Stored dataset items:
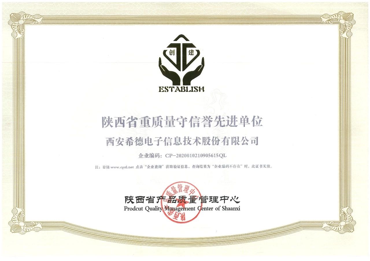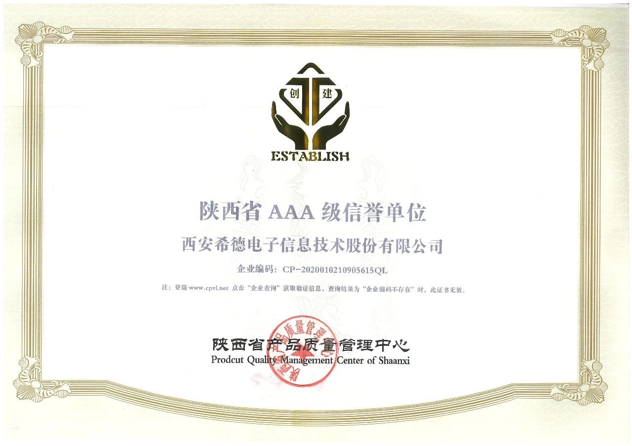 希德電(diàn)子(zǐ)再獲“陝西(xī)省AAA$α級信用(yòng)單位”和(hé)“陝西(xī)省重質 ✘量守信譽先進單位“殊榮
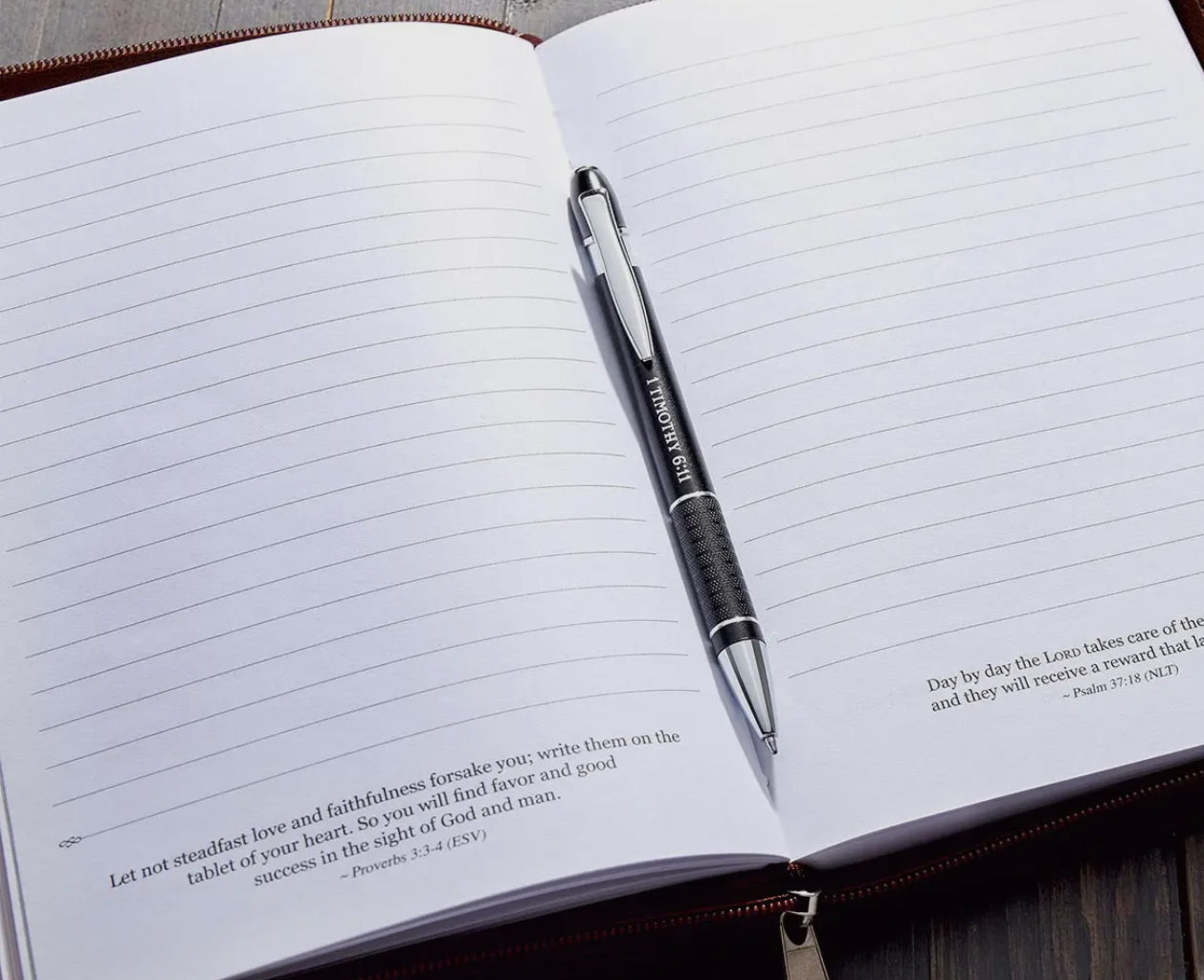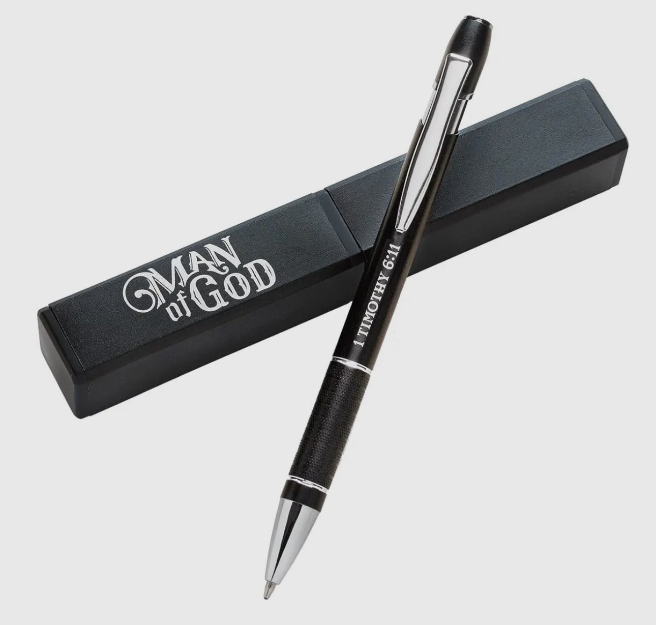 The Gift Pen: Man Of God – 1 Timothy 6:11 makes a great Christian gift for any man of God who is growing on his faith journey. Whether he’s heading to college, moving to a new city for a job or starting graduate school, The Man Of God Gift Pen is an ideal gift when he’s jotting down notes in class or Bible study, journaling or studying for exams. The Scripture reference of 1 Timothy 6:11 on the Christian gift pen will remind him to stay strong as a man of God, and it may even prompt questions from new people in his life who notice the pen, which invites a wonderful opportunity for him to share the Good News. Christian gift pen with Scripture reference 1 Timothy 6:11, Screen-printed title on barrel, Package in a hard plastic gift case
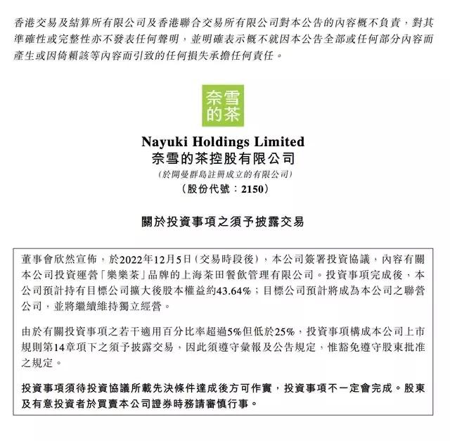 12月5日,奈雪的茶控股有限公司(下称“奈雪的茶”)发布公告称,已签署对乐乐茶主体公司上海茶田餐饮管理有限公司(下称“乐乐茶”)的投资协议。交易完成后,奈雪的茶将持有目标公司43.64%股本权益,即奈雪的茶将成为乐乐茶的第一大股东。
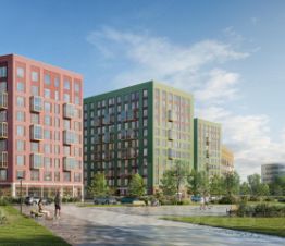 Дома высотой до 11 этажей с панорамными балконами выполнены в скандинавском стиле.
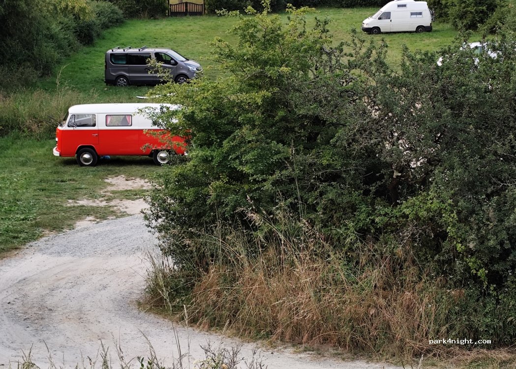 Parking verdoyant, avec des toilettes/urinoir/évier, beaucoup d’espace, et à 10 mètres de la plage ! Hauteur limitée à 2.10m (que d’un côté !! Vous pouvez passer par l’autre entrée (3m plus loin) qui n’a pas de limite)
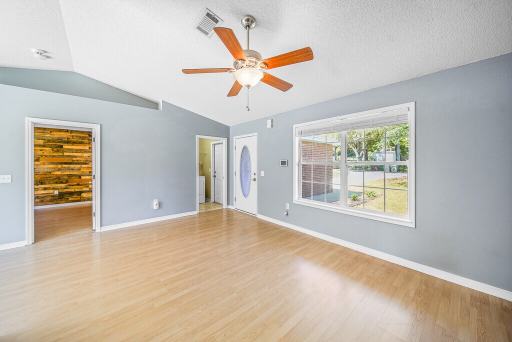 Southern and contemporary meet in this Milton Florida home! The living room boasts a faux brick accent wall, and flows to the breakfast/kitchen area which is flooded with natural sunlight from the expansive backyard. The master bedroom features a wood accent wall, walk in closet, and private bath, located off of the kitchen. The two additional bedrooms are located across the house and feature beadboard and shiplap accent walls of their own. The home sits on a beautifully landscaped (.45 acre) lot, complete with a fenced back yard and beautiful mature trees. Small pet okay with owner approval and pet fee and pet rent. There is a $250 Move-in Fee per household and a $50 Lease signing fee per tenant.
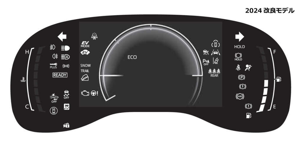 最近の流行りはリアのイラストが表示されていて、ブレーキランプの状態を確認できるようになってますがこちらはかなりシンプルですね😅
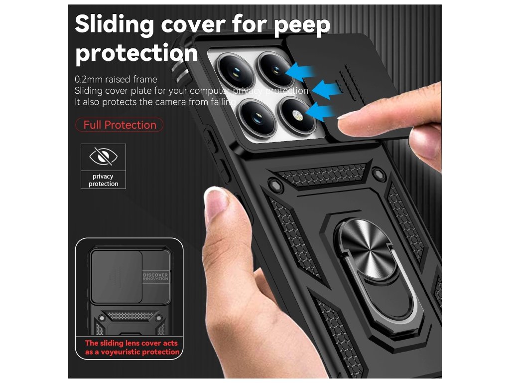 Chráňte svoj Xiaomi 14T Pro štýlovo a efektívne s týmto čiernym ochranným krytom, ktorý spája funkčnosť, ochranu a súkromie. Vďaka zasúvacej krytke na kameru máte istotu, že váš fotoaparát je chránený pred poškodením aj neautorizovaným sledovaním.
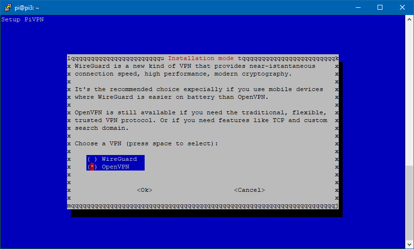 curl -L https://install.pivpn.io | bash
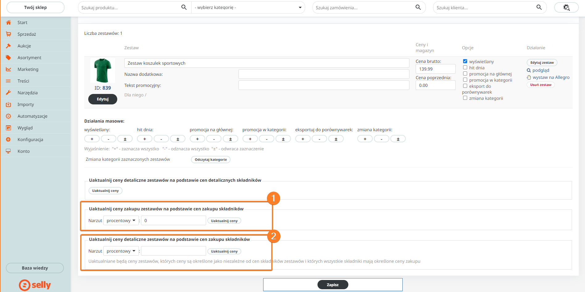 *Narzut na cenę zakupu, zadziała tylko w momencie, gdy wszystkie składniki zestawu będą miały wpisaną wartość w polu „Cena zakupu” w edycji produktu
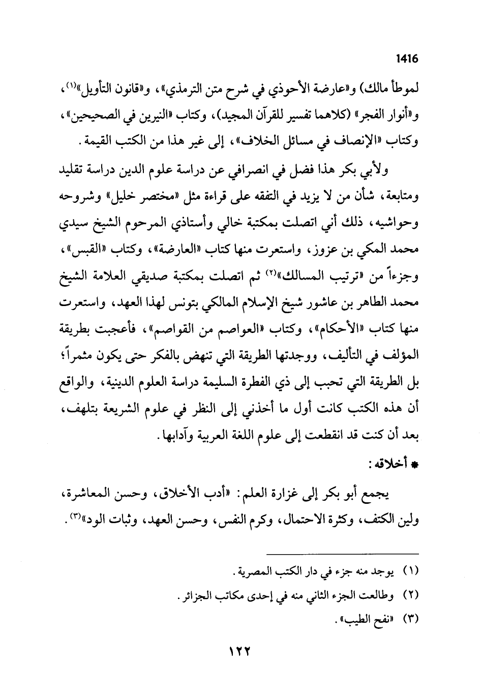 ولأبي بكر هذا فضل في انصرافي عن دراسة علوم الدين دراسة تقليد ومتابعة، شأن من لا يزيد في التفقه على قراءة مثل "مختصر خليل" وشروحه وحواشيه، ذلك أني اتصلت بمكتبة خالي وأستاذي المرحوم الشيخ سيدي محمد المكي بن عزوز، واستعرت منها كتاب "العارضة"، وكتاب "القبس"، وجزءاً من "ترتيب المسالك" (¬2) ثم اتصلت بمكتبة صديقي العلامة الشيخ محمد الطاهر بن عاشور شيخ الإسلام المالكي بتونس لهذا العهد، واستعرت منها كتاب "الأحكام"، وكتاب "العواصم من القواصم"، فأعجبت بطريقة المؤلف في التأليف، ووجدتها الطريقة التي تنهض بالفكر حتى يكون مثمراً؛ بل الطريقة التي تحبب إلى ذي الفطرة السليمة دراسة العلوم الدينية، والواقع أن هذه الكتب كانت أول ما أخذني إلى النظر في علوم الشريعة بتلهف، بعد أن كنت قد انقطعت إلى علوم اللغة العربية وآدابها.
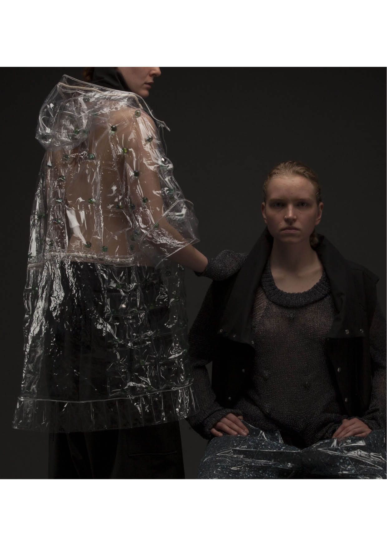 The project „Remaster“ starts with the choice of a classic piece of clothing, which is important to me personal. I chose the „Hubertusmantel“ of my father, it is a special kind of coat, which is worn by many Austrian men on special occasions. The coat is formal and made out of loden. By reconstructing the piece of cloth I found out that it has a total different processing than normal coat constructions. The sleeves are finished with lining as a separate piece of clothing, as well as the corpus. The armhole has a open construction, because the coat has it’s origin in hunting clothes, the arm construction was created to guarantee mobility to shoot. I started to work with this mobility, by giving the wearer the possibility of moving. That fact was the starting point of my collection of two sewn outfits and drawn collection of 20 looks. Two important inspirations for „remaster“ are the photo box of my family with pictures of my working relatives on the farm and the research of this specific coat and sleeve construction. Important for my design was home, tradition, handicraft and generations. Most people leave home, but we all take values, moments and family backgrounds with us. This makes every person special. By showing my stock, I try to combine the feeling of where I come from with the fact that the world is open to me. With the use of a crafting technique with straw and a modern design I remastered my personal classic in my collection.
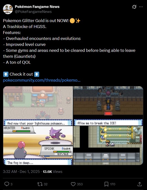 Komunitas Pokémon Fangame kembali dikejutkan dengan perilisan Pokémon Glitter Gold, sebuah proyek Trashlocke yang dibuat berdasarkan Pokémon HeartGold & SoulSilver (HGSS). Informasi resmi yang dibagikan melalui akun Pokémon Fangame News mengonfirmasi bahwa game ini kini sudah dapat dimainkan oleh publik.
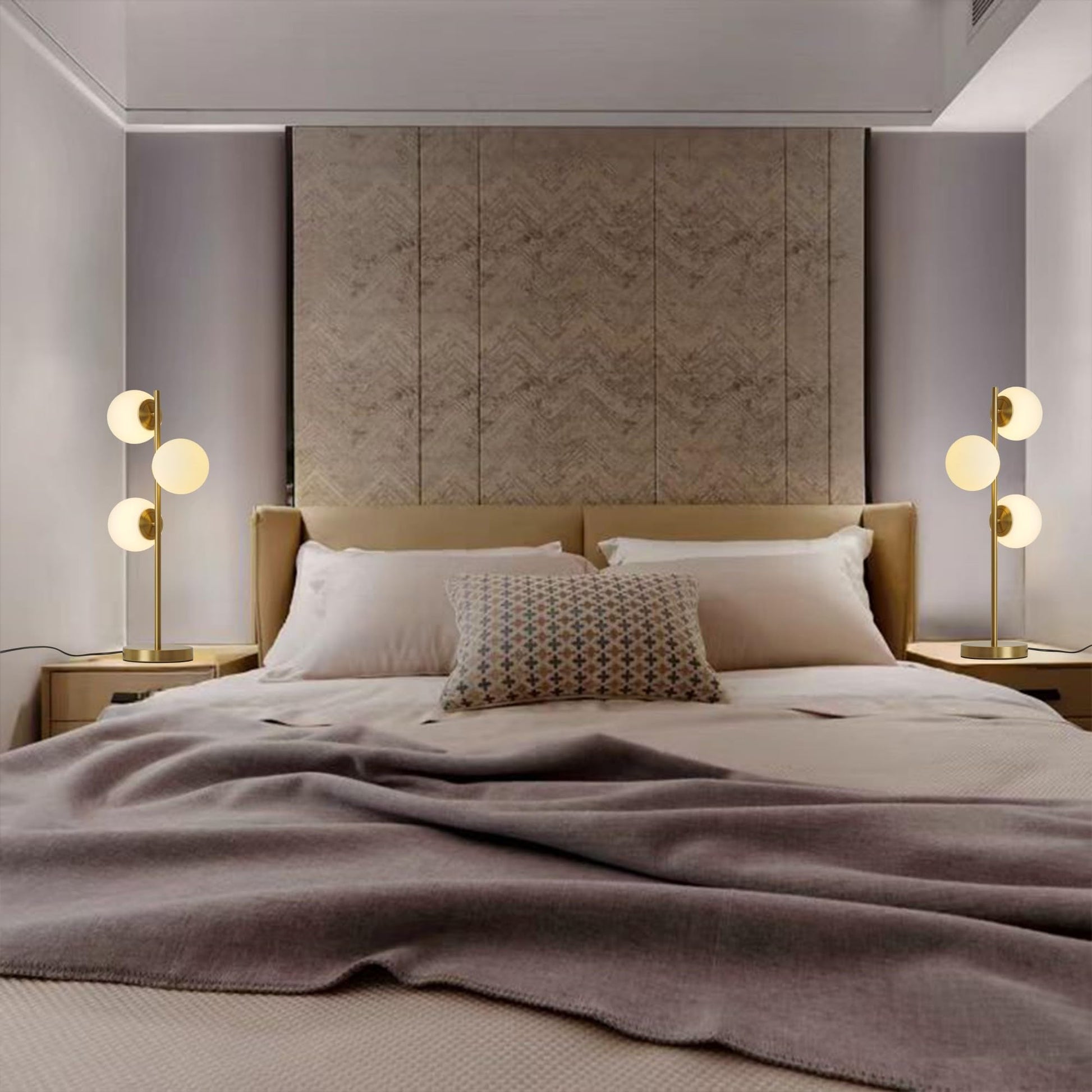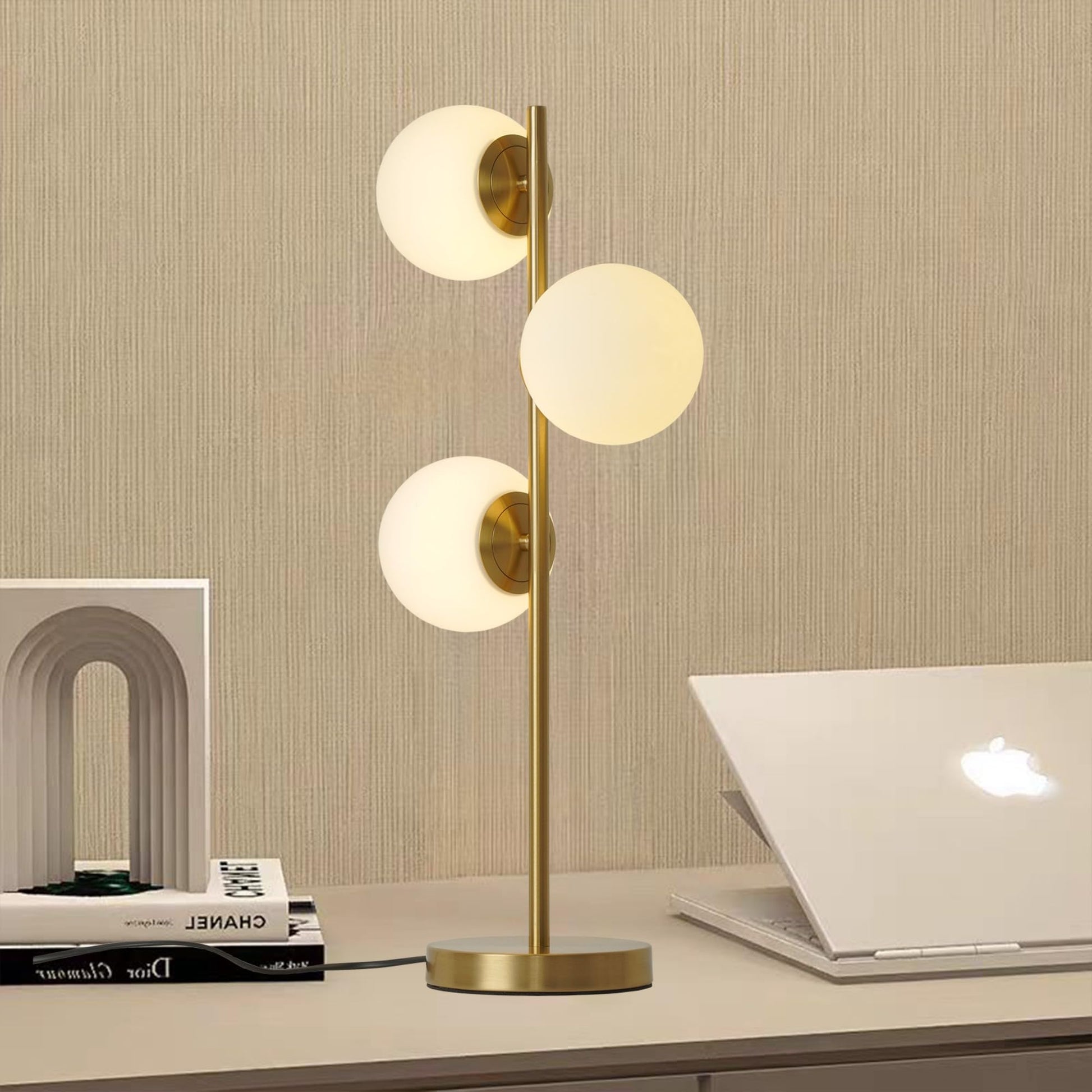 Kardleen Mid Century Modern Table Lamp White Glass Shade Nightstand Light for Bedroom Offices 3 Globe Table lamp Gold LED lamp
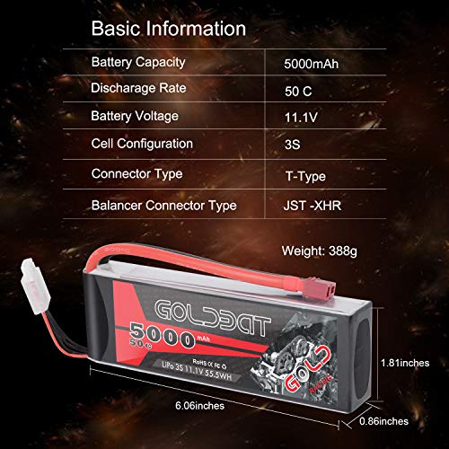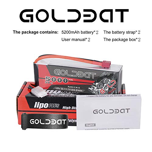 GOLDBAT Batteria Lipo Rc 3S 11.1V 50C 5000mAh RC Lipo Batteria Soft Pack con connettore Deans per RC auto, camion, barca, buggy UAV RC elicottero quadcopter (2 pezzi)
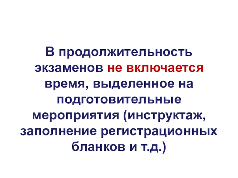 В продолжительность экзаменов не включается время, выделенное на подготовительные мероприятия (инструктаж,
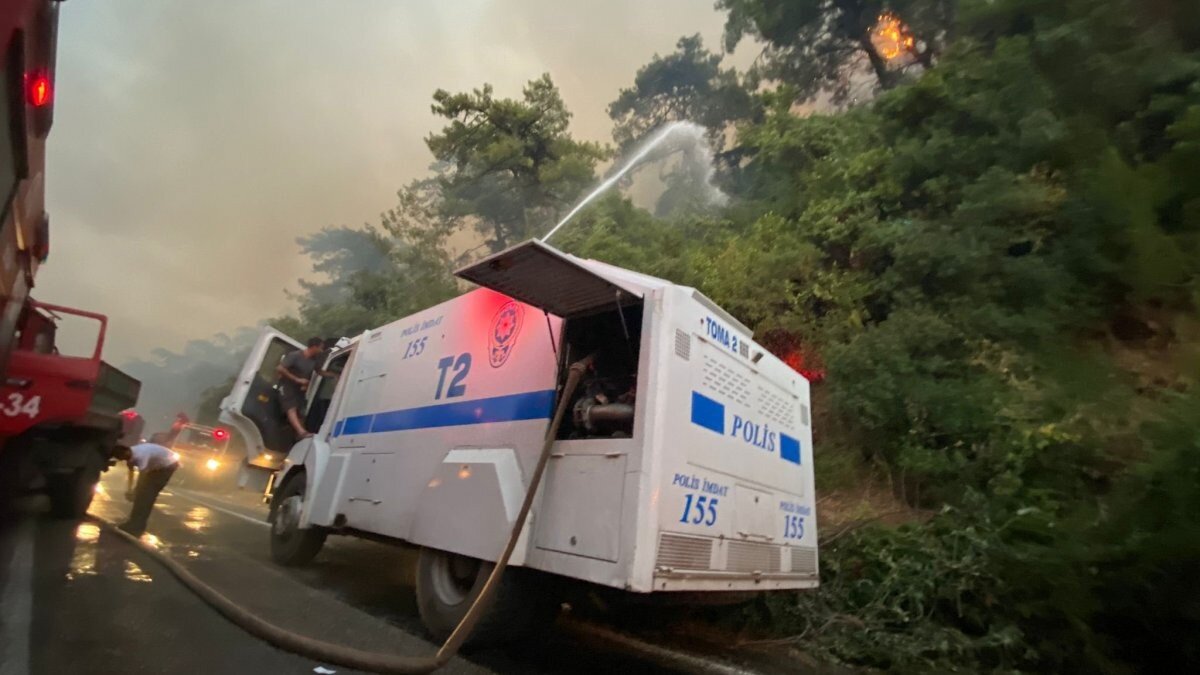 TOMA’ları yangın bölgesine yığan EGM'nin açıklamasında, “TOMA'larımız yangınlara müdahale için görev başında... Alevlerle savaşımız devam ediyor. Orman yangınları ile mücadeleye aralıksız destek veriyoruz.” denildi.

* [What the task requires]:
Your answer must be an exact copy of the lines from the line with "Komunitas Pokémon Fangame" to the final line of the data, both ends included, and no pictures.

* [Output]:
 Komunitas Pokémon Fangame kembali dikejutkan dengan perilisan Pokémon Glitter Gold, sebuah proyek Trashlocke yang dibuat berdasarkan Pokémon HeartGold & SoulSilver (HGSS). Informasi resmi yang dibagikan melalui akun Pokémon Fangame News mengonfirmasi bahwa game ini kini sudah dapat dimainkan oleh publik.
 Kardleen Mid Century Modern Table Lamp White Glass Shade Nightstand Light for Bedroom Offices 3 Globe Table lamp Gold LED lamp
 GOLDBAT Batteria Lipo Rc 3S 11.1V 50C 5000mAh RC Lipo Batteria Soft Pack con connettore Deans per RC auto, camion, barca, buggy UAV RC elicottero quadcopter (2 pezzi)
 В продолжительность экзаменов не включается время, выделенное на подготовительные мероприятия (инструктаж,
 TOMA’ları yangın bölgesine yığan EGM'nin açıklamasında, “TOMA'larımız yangınlara müdahale için görev başında... Alevlerle savaşımız devam ediyor. Orman yangınları ile mücadeleye aralıksız destek veriyoruz.” denildi.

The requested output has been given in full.